マーケティング用途のIT基盤などを提供するALBERTは2015年9月8日、機械学習手法の1つである「Deep Learning:深層学習」技術を使って画像に自動的にタグを付与するサービスを開始したと発表した。アパレル業のEC(Electronic Commerce:電子商取引)サイトなどを主な対象に、大量の商品画像に対するタグ付け作業の自動化を可能にする。
新サービスは、AWS(Amazon Web Services)上にあるALBERTのサーバーに商品画像をアップロードすると、カテゴリや形状、色、柄、素材、感覚表現など約200種類の「基本ファッション用タグ」が付与されたファイルを自動生成するもの。Deep Learning技術により画像を解析することで、大量の画像に自動的にタグを付けることで、同作業にかかるコストの削減と精度の向上を図る。
同じ仕組みをマーケティング分析や、商品レコメンデーションにも応用できる。マーケティング分析では、色や模様に加え、「かわいい」「エレガント」といった要素をタグ付けできるため、ファッショントレンドを把握するといった分析が可能になる。商品レコメンデーションでは、タグに基づいて推薦することで、「過去に購入した商品と、テイストが似ている商品」を推薦するといったことができる。
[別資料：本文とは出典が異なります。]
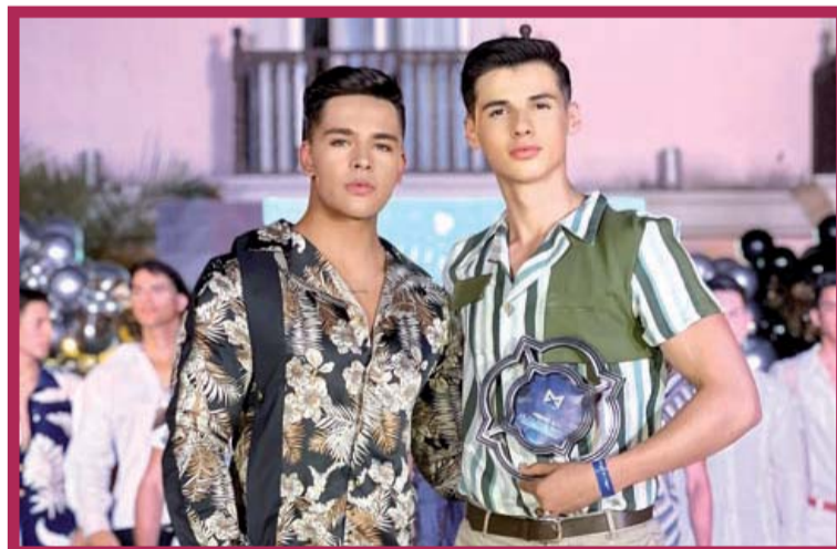
Aquí al momento de recibir premio al Mejor Traje Típico.
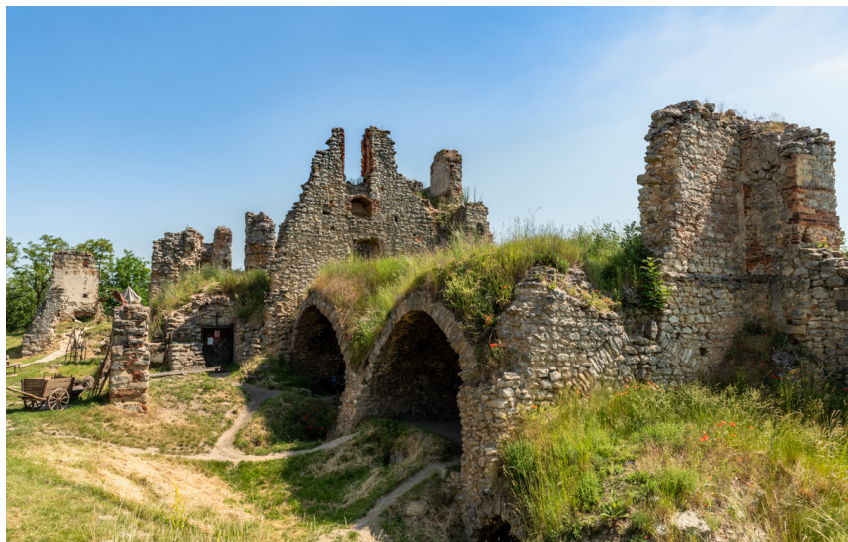
Zřícenina hradu Zvířetice

Náves ve Zvířeticích – zřícenina Zvířetice (1 km) – Bítouchov (2,5 km) – neznačená polní cesta (3 km) – obec Zvířetice (3,5 km)

識別精度は現時点で、「カテゴリ(トップス/ボトムス/インナー/レディース/メンズ/ティーンズ/キッズなど)」と「形状(Tシャツ/カットソー/半袖など)、「色や柄(無地/ボーダー/水玉など)」などの識別では、人による作業と同等以上の精度が実現できているとしている。
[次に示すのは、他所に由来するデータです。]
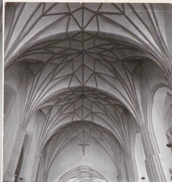
fragm. sklepienia prezbiterium
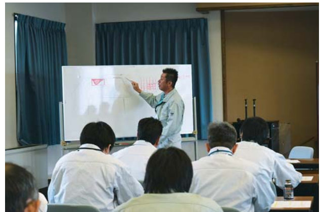
損害評価研修会で評価基準の統一
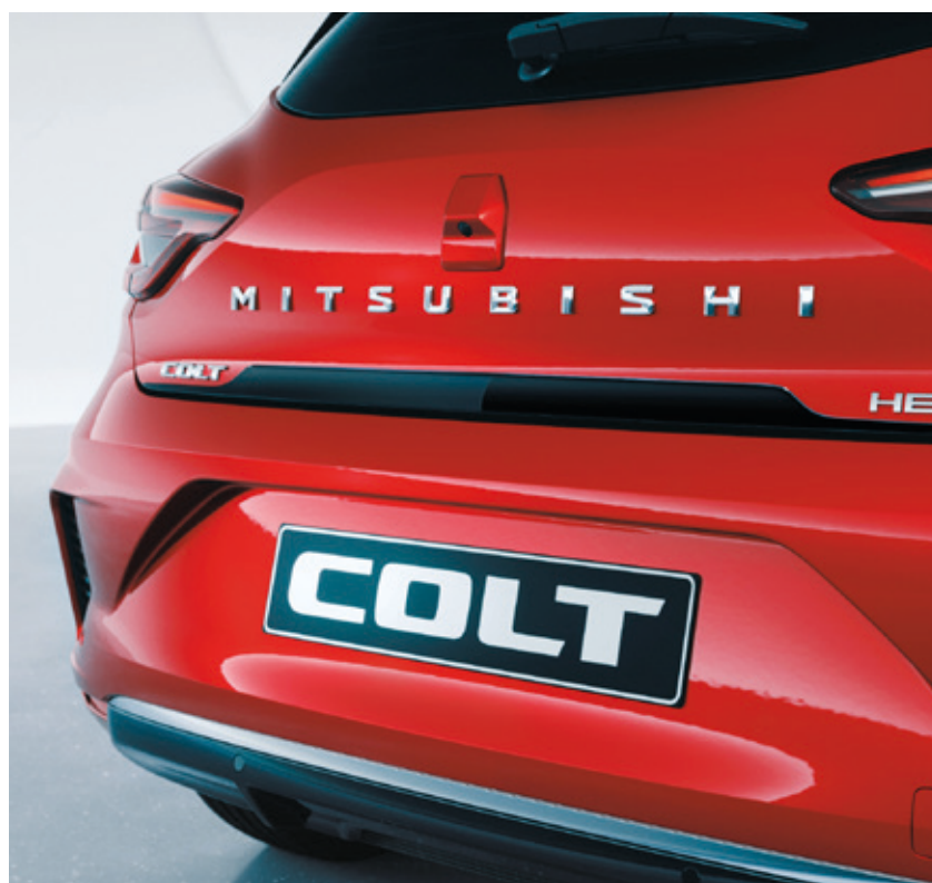
▲ Heckklappenzierleiste Piano Black. MZ315407B
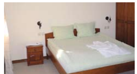
Zimmer der Jagdresidenz (Beispiel)

Gästemeinung: „1a-Pferde, super trittsicher und trotz Temperaments super händelbar, hervorragende Kondition, super Gesundheitszustand (Hufe etc.). Angenehmes Reitprogramm, kürzere und längere Touren abwechselnd, schöne lange Mittagspausen. Reitführer echte Horsemen, auch zu Reitern ganz toll, super aufgehoben gefühlt. Unterkunft einfach, aber sauber, das Kloster absoluter Wahnsinn. Verpflegung sehr lecker und reichlich, vor allem die Salate und der Schafskäse. Atemberaubende Landschaften. Super liebe Mitreiter.“ C.K.
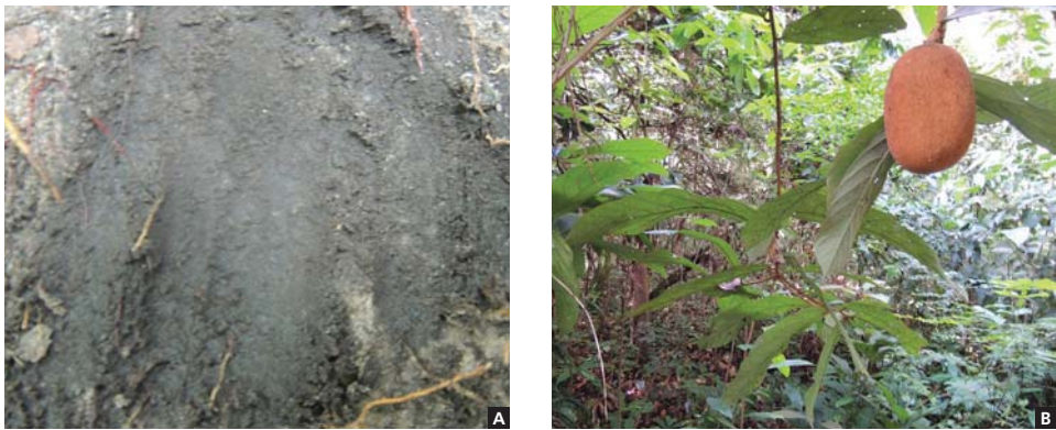
Figura 3. Enriquecimento de capoeira com cupuaçu. (A) Solo escuro característico da área. (B) Floresta regenerando com a inclusão do cupuaçu na sua sombra.

Uma planta que Bina aconselha plantar com o cupuaçu é o açaí. Entretanto, seu plantio é realizado alguns anos depois do cupuaçu, quando a capoeira está mais madura e a terra já está mais úmida. O açaí é plantado por sementes e por mudas. Bina avalia que “o açaí avança bem mais rápido do que o cupuaçu, então eles podem ser plantados próximos”.
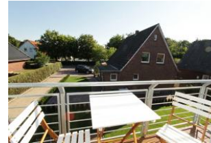
und die Sonne genießen ...
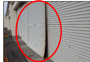
鳥取市B&G海洋センター ※艇庫のシャッターが破損
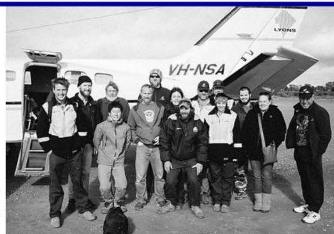
西豪州の探鉱現場への通勤に使う小型機にて (前列左から二人目が筆者)

現在、鹿児島県の北部にある菱刈鉱山で金(gold)を探す仕事をしています。年に2~3ヶ月程度、オーストラリアやアラスカの探鉱現場(砂漠)・操業鉱山へ出張し、現地の地質技術者に混じって探鉱活動を行っています。今年の4月からは、オーストラリアの銅鉱山へ駐在し、現地の地質技術者と共に、鉱山を延命させるべく鉱山周辺での探鉱業務に従事します。
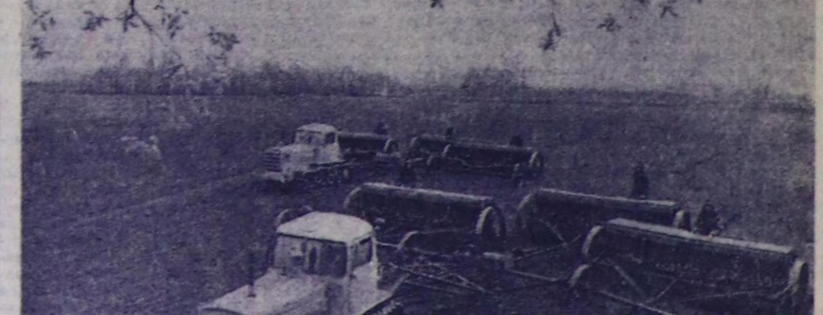
Алтайда хөвү ажалдары улам калбарып турар. Ирайын муруну болган төп районунун ажал-агылары ил кунтура — мезил-тасты кидин түлүк чаштырып турар. Чуга харыг кыштын болган хат-нарыскалыг, кургаг чактын урмуундан тараа чаштыргаларын мурунга берге сорулга салдыган. Тараажылгы техниканы мергенчилдиг амылган, мурунчыл агротехниканы өзүгар чаштыргаларынч мыска хуу-саада элтигин, черин өл-шынмын долдузу-биле чедип алыр дээш ора-

Районун ажал-агыларынын аразында социалистик чарык калбарган. Оон түнүп беш холуктап үндүрүп турар. Сөөлүг беш холуктап түнүп, СЭКП райкомунун, райкукомунун каттык хураалы үндүргөн. Оон шийткөөр өзүгар бирги черин Жланов аттыг совхозун механизаторлары ээлеп. Ук
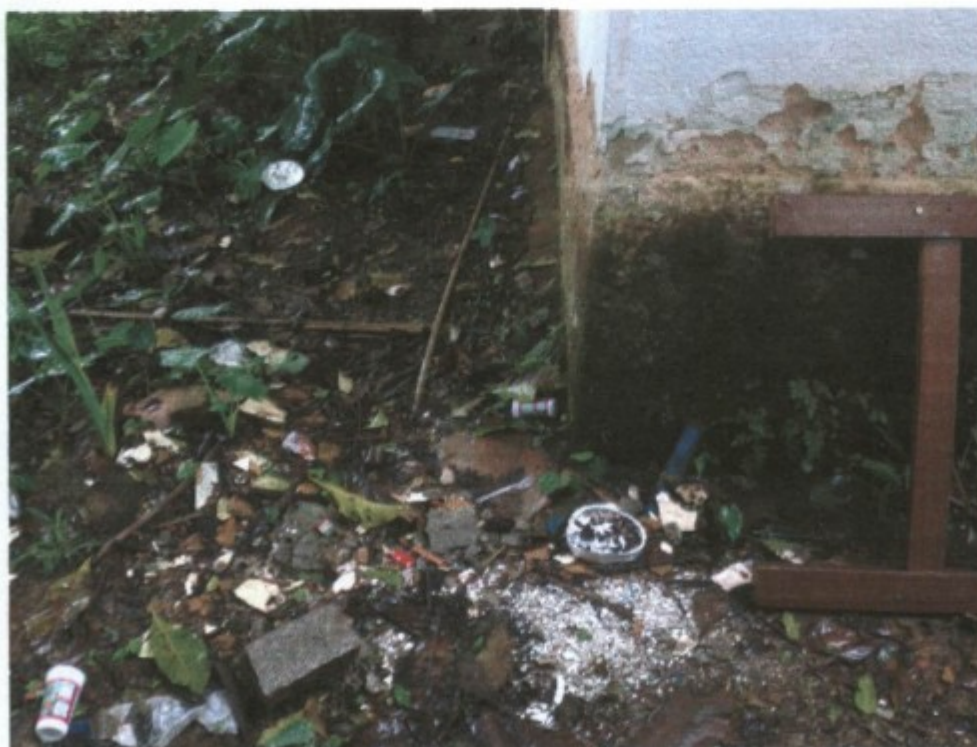
Lixo nas imediações da casa usada pela GTX.

企業独自のタグ(オプションタグ)にも対応できる。タグマスターとタグ付き学習用画像を用意しモデルを学習させることで、ALBERTが用意する基本ファッション用タグ以外のタグを付与できるようになる。
EC(Electronic Commerce)サイトを運用するには、商品を検索したり分類したりするための商品データベースを構築する際に、大量の商品画像を確認し、それぞれにカテゴリや形状、色やテイストといったタグを付与する必要がある。目視による作業では、画像数が増えれば増えるほどミスの発生率が高まり、タグの抜けや漏れにより、検索キーワードに対し商品が該当しないといった問題につながっていた。
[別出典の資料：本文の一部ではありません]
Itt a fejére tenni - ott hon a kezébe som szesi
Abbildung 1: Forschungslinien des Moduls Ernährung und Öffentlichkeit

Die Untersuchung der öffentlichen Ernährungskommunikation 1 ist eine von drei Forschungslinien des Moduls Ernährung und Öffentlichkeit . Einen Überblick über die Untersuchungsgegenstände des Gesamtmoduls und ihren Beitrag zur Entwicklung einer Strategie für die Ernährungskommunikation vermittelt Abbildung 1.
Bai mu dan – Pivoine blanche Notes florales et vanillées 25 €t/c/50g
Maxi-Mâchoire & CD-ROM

Deep Learningは、画像認識やデータ関連性を分析する人工知能技術の1つ。人間の脳神経の働きをモデル化したユニットを多層的に配置して人間の脳の働きを再現するニューラルネットワークの一種である。低次の特徴量から高次の特徴量を自動的に抽出し、人間の視覚認知に近い認識能力を実現できる。
ALBERTのデータ分析部R&Dセクションでは、理化学研究所脳科学総合研究センターで神経科学、特に高等動物の高次視覚野に関する研究に携わったメンバーを中心に、Deep Learning研究開発に取り組んでいるという。